Yes. It is possible to have too many crows in a place at one time. Mr. Finch and I noticed the absence of crow sound one evening as we were walking our usual well-trodden path.

And upon careful inspection we saw a group of handsome crow sized raptors in the nearby trees. I think there were three or four. (There must have been a nest nearby and this group of Red tails or Rough Legged Hawks was fledging.) Three birds by their mere presence making one hundred crows shut up? Whoa baby, that is a level of respect I want to know more about.

And that started me (and to some extent Mr. Finch) on the informational odyssey and delight in and about birds that continues unabated to this day in my life.

Of course now I wonder, after having seen crows mob a Red tail on numerous occasions why these particular birds were able to manage the crows but that is another story for another day…

Today I am writing about my “spark house”.

Way back, gosh like twelve years ago when I first started seeing the Buddhist Counselor that I now see occasionally his office was in a part of town south of downtown called John’s Landing. I would take this bus that would go this weird loopty loop way under bridges and on side streets to get to this small southern business district right by the river.

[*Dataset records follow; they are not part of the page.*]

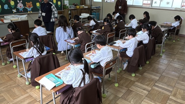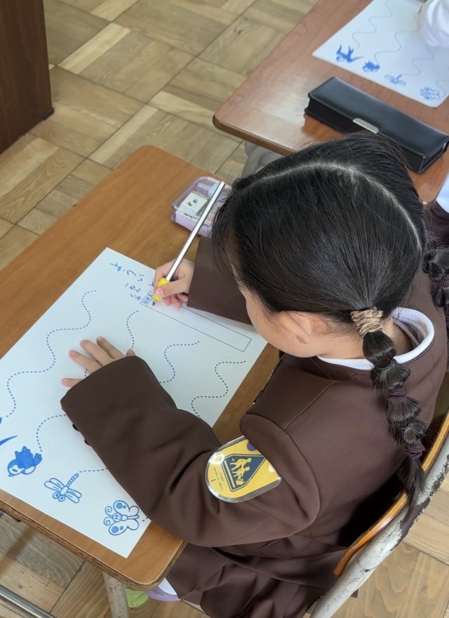 まずは、鉛筆の正しい持ち方から教わりました。 少し緊張した面持ちで鉛筆を握り、ワークシートに向かう1年生。 自分の名前を、一文字一文字、心を込めて書いていきました。 みんな集中して取り組んでいました。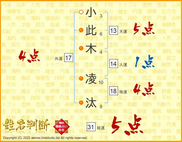 小(3画)此(6画)木(4画) 凌(10画)汰(8画)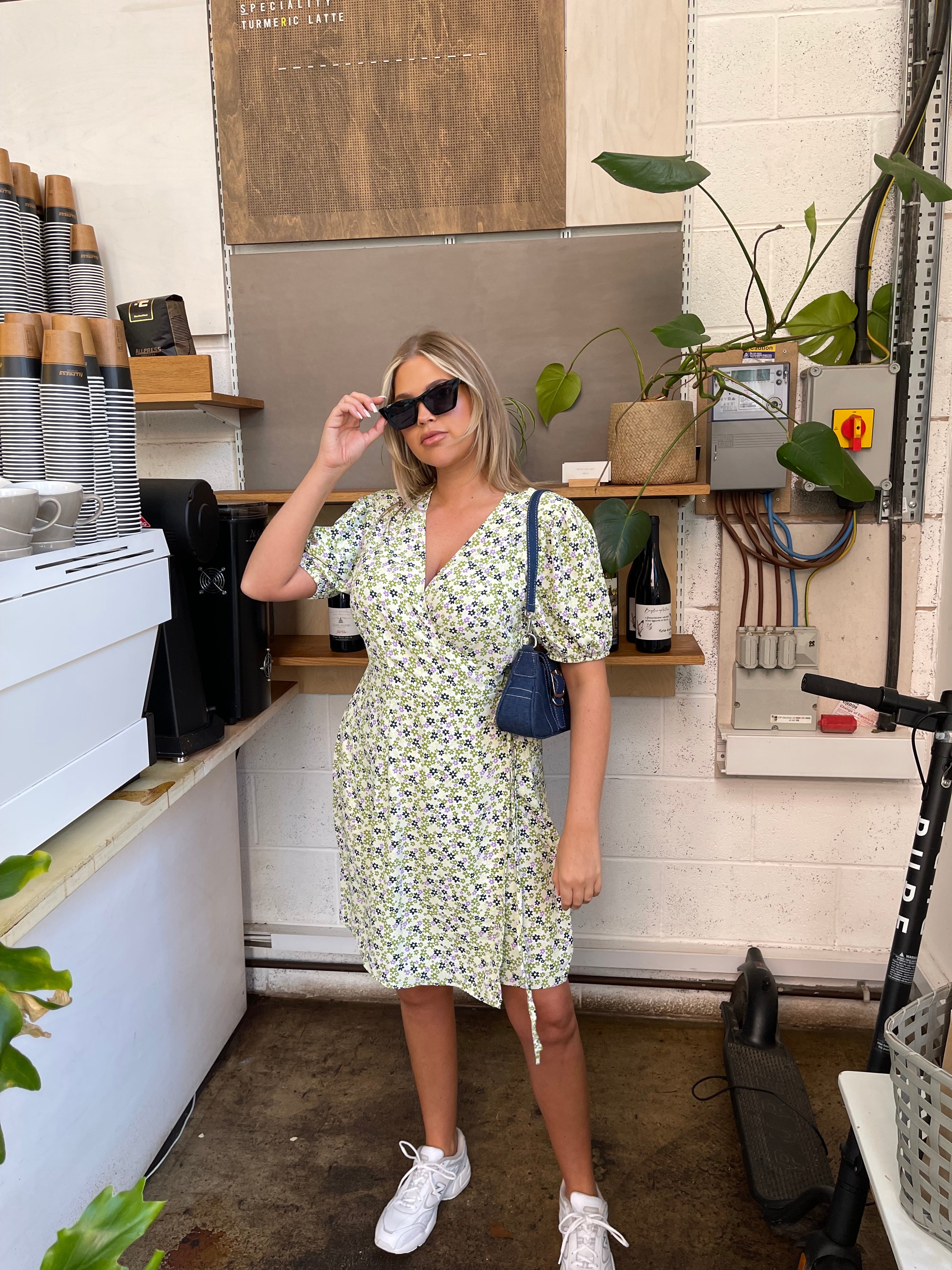 Retro Daisy Wrap Short-Sleeve Mini-Dress

Every time I went by since I first I saw it, I would crane my neck and look for this turreted house. At this point I had no clue about the fact that the neighborhood I was passing through had such history and rich stories but I was curious about what an apparently grand and mysterious house was doing smack dab in the middle of two freeways coming into the center of town.

I never forgot that house.

When I got this job almost 8 years ago I realized that the office I was working in was close enough to this house to see it from afar. I started going exploring at lunchtime with my camera, at first rather timidly and then with increasing confidence.

I still don’t know the whole story by a long shot. Much to my surprise it is actually an apartment house but a very old one. It has intense traffic flow up against it on two sides, and a cottage plunked right smack in what would have been the front yard.

The only way to get to it is on foot down this narrow overgrown path to the side of the cottage, which is painted red and is of the same vintage as the apartments. The front door faces the freeway. The walls are very thin and I expect the floors aren’t much better. I am surprised the fire department has approved its continued existence.

The surrounding vegetation is unruly and there is a curving pedestrian tunnel down below it that is a magnet for taggers and the mentally ill.

I have pictures of all of this I have accumulated over the years I have lived here because of course I had to move into a neighborhood that contained so many unanswered questions.

So all this thinking about and exploring and picture taking has been going on at this subconscious level all this time. It never occurred to me that there was a coherent project percolating in there all the while.

Of course Mr. Finch’s illness was the big distraction and some days, most days as I work on putting this all together I wish he were here to share it with me.

I am glad to have you all out there to act as stand ins for him as I uncover the jewels this amazing place has to offer up one facet at a time.